■ WHAT TO DO: Skip the pictures and write out, word for word, the lines below from the one with "Figure 1. Map" through the one with "Just random evening...", inclusive.

[Items from a dataset]

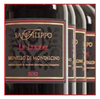
2012 Brunello di Montalcino - An Epic Vintage Pages 14 & 15
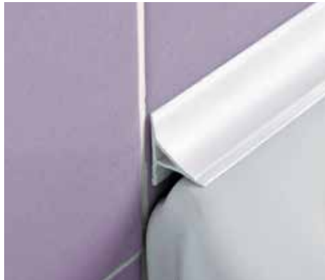
AREAS OF USE

PROBATH is a cove shaped profile in shockproof non-toxic coextruded white vinyl resin. With a visible surface of 16 x 16 and 20 x 20 mm and equipped with an anchoring arrow shaped flange. It is suitable to connect the wall coverings with sink, bath tubs, hydro massage baths and shower trays and thanks to its radius of curvature to guarantee cleanliness and hygiene. The profile is resistant to fungi, bacteria and UV rays. Its particular section and the availability of special pieces, such as internal and external corners, end caps and junctions, make PROBATH a much sought-after and easy to lay profile.
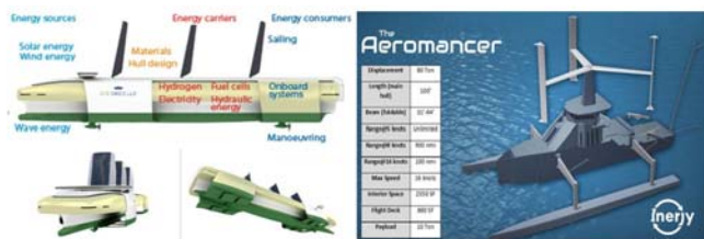
Figure 5. Comparison zero-emission car carrier proposed by Wallenius Wilhelmsen (on the left) with zero-emission Aeromancer system proposed by Inerjy (on the right).

There is also another quite interesting green technology proposed by Wallenius Wilhelmsen [10] for zero-emission car carrier (see figure 5) with length overall 250 m, height 30 to 40 m, beam moulded 50 m, design draught 9 m, design speed 20 knots (maximum) and 15 knots (in service), vehicle capacity 10000 cars (based on today's standard units) with design cargo deck area 85000 m 2 and eight cargo decks, of which three are adjustable in order to accommodate high and heavy vehicles and equipment.
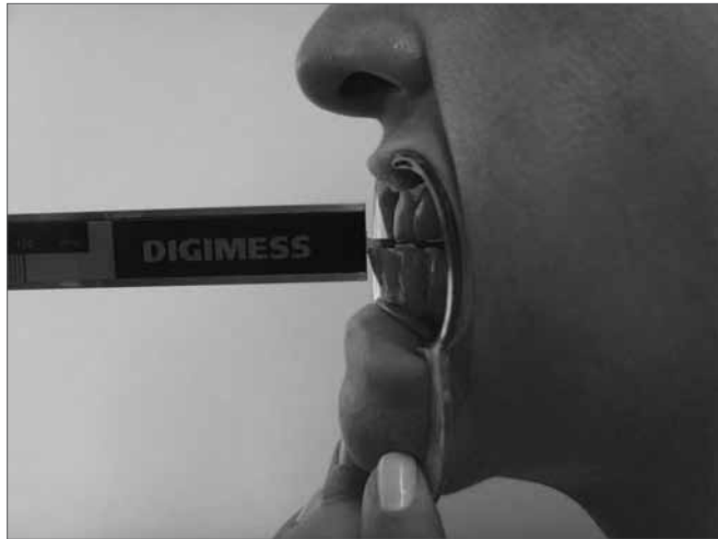
Figure 6. Mandibular protrusion.

For the statistical analysis of the data we used the ANOVA, confidence interval for the mean and p -value tests, with 0.05 significance level (5%).
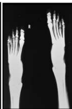
Fig No 10:
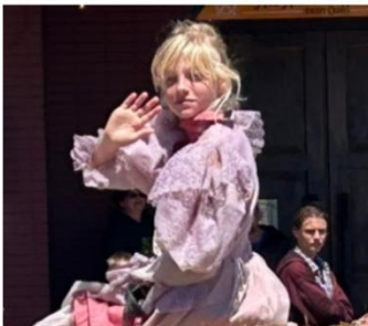
The Lissy Family
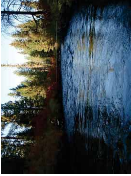
Figure 107. SR A2: Transect 5 Low Gradient Riffle – From 30' upstream looking downstream.
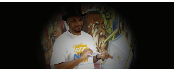
OUR 30 SECOND TV COMMERCIAL
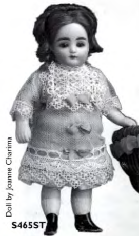
Doll by Joanne Charima

(see BB6.55 compo body section to see same style pattern: L13408 )
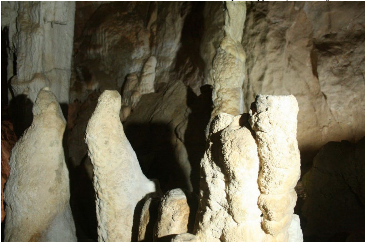
Figure 10: Broken and apparently-bent stalagmites in The Colonnades.

for other causes, such as wind deflection, drip point movement, subsidence and so on. Figure 10 shows some apparently-bent stalagmites which broke at the same height. In the background are cracked columns and a couple of apparently-bent stalagmites.
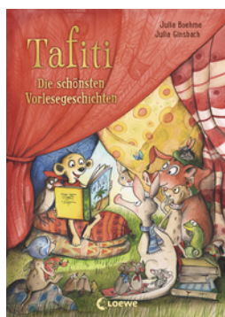
Tafiti – The Best Story Time Adventures for Reading Together
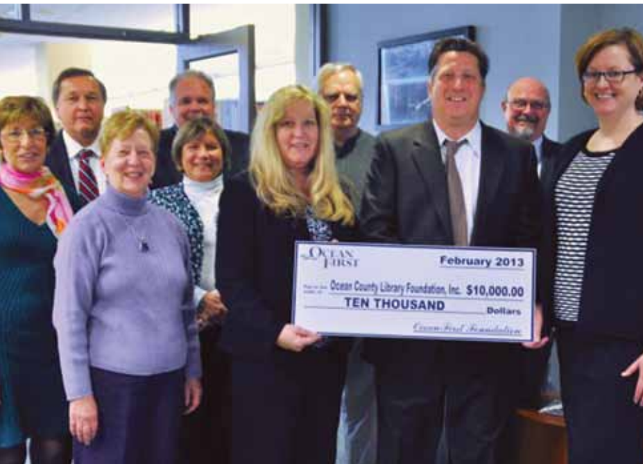
Left photo: The Ocean County Library Foundation marked its 13th year working on various partnerships and programs for the betterment of the Ocean County Library. The Foundation is a tax exempt organization established in 2001 to enhance the services and opportunities offered to all Ocean County Library users. Ten members of the community serve on the Foundation Board.
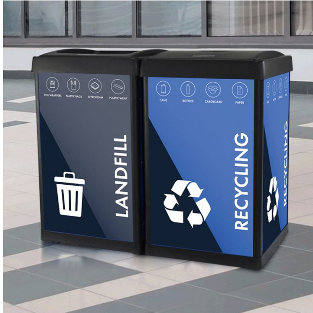
ErgoCan 2 stream with the standard Synergy Panels
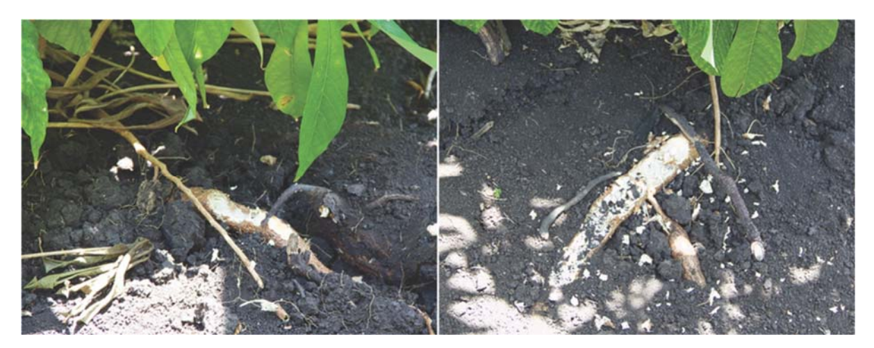
Figure 4. Excavated and eaten cassava roots in Lorulun fields (Camp 2).
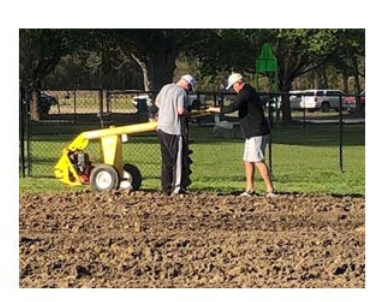
The auger helped dig the 28 holes (April 14, 2018)
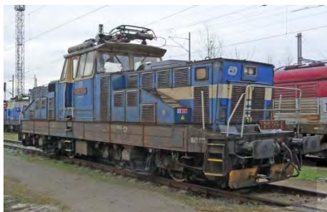
210 059 Ceske Budejovice Depot, 11 th April 2013
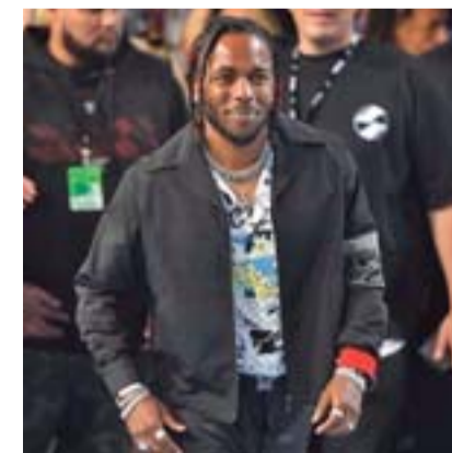
File photo shows Kendrick Lamar arrives at the MTV Video Music Awards at the Forum in Inglewood, Calif.
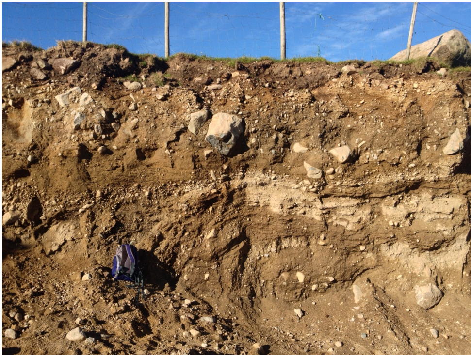
Example of poorly sorted sediment – diamicton, deposited in the Jæren area due to the retreat of the Late Weichselian ice sheet. Internal beddings are seen in the sediment, which may indicate some cyclical pattern in the melt-off of the retreating ice sheet.

To get hands-on experience of the glacial imprints of south-western Norway, a full-day excursion lead by Professor Hans Petter Sejrup was carried out in the Jæren area. Landforms were climbed, dug and observed as an introduction to the glacial dynamics that were present in this part of Norway during the last glacial maximum. This was an interesting and informative day where even the sun attended during the whole day.
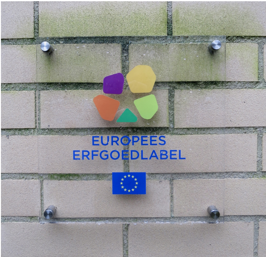
FIGURE 6.5 The EHL logo, photographed at Camp Westerbork, the Netherlands.

In the interviews, we also asked the visitors about their associations related to the EHL logo and two of its slogans ‘Europe starts here’ and ‘Europe starts with you’ (see also Lähdesmäki et al. 2020). The former is the official slogan of the EHL, which is used for presenting the EHL action at all sites, with the exception of Camp Westerbork, which uses the slogan “Europe remembers Camp Westerbork”. The slogan ‘Europe starts with you’ is found in the brochures and other promotional material informing interested heritage sites about the application aims and procedures. Both of these slogans are formulated by the Commission and used by the national coordinators of the action and the EHL practitioners at the awarded sites. The question about the slogans, thus, enabled us to explore the reception of the intertwined macro and meso-level EHL discourse at the micro level. During our interviews, most of the interviewees compared the slogans and usually preferred one to the other. Their interpretations of the slogans opened up a very interesting understanding about
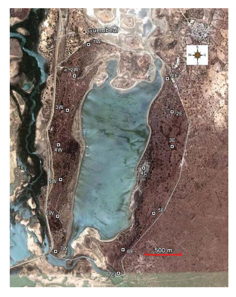
Figure 1. Map of the Reserve of Fauna of Guembeul showing plots where habitat structure has been sampled ( 15^{\circ}55'N ; 16^{\circ}28'W ). The central lagoon divides the Reserve into a western part and an eastern part, each of them containing seven sampling plots (1W-7W; 1E-7E). The white line around denotes a perimetral fence.

Reintroduced Mohor gazelles were part of the species EEP (European Endangered Species Programme), and were identified with the following studbook numbers [13]: ND176, ND229 (males), ND39, ND114, ND172, ND191, ND241, ND247 (females). Female ND247 died during transport. Upon arrival, a breeding group was placed in a 400-m<sup>2</sup> pen (male ND176 and all of the females), and the remaining male (ND229) was kept alone in a 100-m<sup>2</sup> pen. Details of the evolution of the stock released until 1992 can be found in [14].
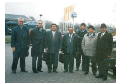
ICWC delegation at the 2 nd World Water Forum, Hague, 2000

During 5 days of the Forum work, ICWC and IFAS specialists held many bilateral and multilateral meetings with the representatives of international organizations and foreign partners to discuss cooperation extension.
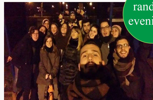
Just random evening...

USEFULL LINKS: fb: @stowarzyszeniestrin Some interesting videos: vimeo.com/190831333 vimeo.com/203999363 vimeo.com/189454646
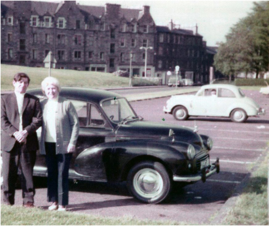
A couple standing by their car on a day trip out to Holyrood Park in 1975. Their car is a black Morris Minor. The car in the background is also a Morris Minor.
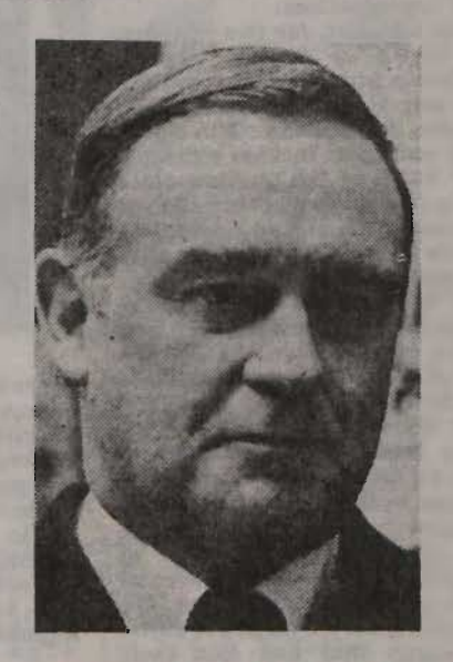
WHAT'S MINED IS OUR'S ...

Such firms as AMAX EXPLORATION, RIO TINTO and TARA EXPLORATION have been granted nearly 50 licences in the 6 counties.

■ RESULT:
Figure 1. Map of the Reserve of Fauna of Guembeul showing plots where habitat structure has been sampled ( 15^{\circ}55'N ; 16^{\circ}28'W ). The central lagoon divides the Reserve into a western part and an eastern part, each of them containing seven sampling plots (1W-7W; 1E-7E). The white line around denotes a perimetral fence.

Reintroduced Mohor gazelles were part of the species EEP (European Endangered Species Programme), and were identified with the following studbook numbers [13]: ND176, ND229 (males), ND39, ND114, ND172, ND191, ND241, ND247 (females). Female ND247 died during transport. Upon arrival, a breeding group was placed in a 400-m<sup>2</sup> pen (male ND176 and all of the females), and the remaining male (ND229) was kept alone in a 100-m<sup>2</sup> pen. Details of the evolution of the stock released until 1992 can be found in [14].
ICWC delegation at the 2 nd World Water Forum, Hague, 2000

During 5 days of the Forum work, ICWC and IFAS specialists held many bilateral and multilateral meetings with the representatives of international organizations and foreign partners to discuss cooperation extension.
Just random evening...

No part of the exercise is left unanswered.